While the Norwegian Navy has taken urgent measures [aboard the sister-ships] of the sunken frigate KNM Helge Ingstad to prevent [flooding], the Spanish shipyard that manufactured the hapless warship has accused the Norwegian authorities of looking for excuses.
Following an interim report by the Norwegian accident investigation commission, which blamed technical errors in waterproof bulkheads on board the KNM Helge Ingstad that sank after a collision with an oil tanker while returning from NATO drills, the Norwegian Navy has completed temporary measures to prevent rapid [flooding] of warships of the same class in the event of similar collisions, the tabloid daily Verdens Gang reported.
The [Norwegian] Defence Material Agency said inflatable belts were installed as a temporary solution to seal the hollow propeller shaft in order to prevent water from entering the frigate's engine room in case of an emergency.
According to the report, which blamed the frigate's rapid sinking on a construction error, saltwater first penetrated the generator room of the KNM Helge Ingstad, before spreading to other rooms and finally reaching the engine room.
"All the [Nansen-class] frigates are built in the same way.

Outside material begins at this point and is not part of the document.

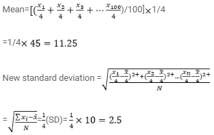 The mean of 100 observations is 50 and the standard deviation is 10. If 5 is subtracted from each observation and then it is divided by 4, then what will be the new mean and the new standard deviation respectively?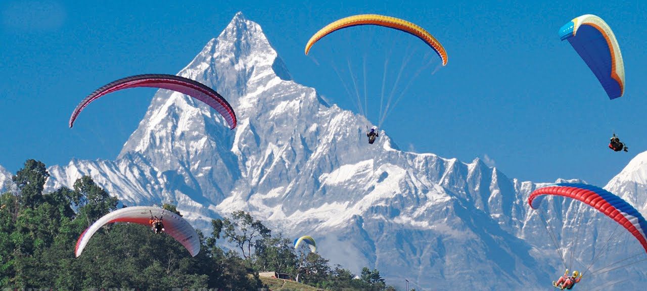 포카라 패러글라이딩은 이번 여행의 절대 하이라이트였어요! 스위스 인터라켄, 터키 페티예와 함께 세계 3대 패러글라이딩 명소로 유명한 포카라에서의 체험은 정말 환상적이었습니다. 해발 1,600m인 포카라 사랑곧(Sarangkot)에서 출발해 히말라야 설산 중 마차푸차레, 안나푸르나, 칸텐중가를 한 눈에 바라보며 패러글라이딩을 타는 경험은 정말 꿈 같았어요!

The Navy has implemented interim measures on three out of four frigates", Steinar Nilsen, maritime chief at the Defence Material Agency, told Verdens Gang.
The fourth frigate, the flagship KNM Fridjof Nansen is currently in the process of a major, planned maintenance. The vessel will receive inflatable belts when it is re-launched in April next year.
However, the claims of the warships being less waterproof than stated made the Spanish shipyard that manufactured the Nansen-class frigates, currently considered the backbone of the Norwegian Navy, see red.
"We have never received such complaints ever before. Not even once", Navantia Shipyard official and union leader Javier Galán told national Norwegian broadcaster NRK.
He dispelled the Norwegian Navy's allegations of a faulty construction of the propeller shaft being the culprit.
"Had the shaft leaked water in this way, it would have become obvious far earlier. Also, the frigate would have sunk long ago", Galán said.
According to him, the propeller shaft must have been damaged during the collision itself, which is the only explanation why water appeared between the sections altogether.
"Imagine you have a car. Even if it's a good one, it will run into problems if you crash it", Galán said.
Galán blamed erroneous navigation, venturing that the crew had misinterpreted the lights from the Maltese-flagged tanker Sola TS, mistaking it for solid land.
"I believe the only thing they are looking for is cop-outs. The way I see it, it's just passing the buck. The crew should have avoided the collision", Galán said.
Navantia issued a statement ensuring that the Nansen-class frigates shipped between 2006 and 2011 to the tune of NOK 21 billion ($2.5 billion), fulfilled all technical requirements before handed over to Norway. (This statement has not been posted on Navantia’s websites, and the company could not be reached for comment—Ed.)
Meanwhile, Galán stressed that the accusations may lead to the company's reputation being damaged, which is the fifth-largest in Europe and ninth-largest internationally.
"We are an international company. And this makes a terrible damage, because it leaves an impression that we are unable to make ships. Even though we have been doing it for centuries", Galán said.
Navantia dates back to military shipyards established by the Spanish crown in 1730. Over centuries, it has gone through several name changes, the recent one in 2005. It is 100 percent owned by a government holding.
The KNM Helge Ingstad collided with the Sola TS on November 8, while returning from the NATO drill Trident Juncture off Trøndelag's coast. The vessel suffered a large hull breach, lost control and was manoeuvered into a shallow bay to prevent rapid inundation.
The Sola TS is currently being repaired in Gdansk, Poland. According to its owner, the Greek shipping company Tsakos Energy Navigation, it will be back in the water by mid-December.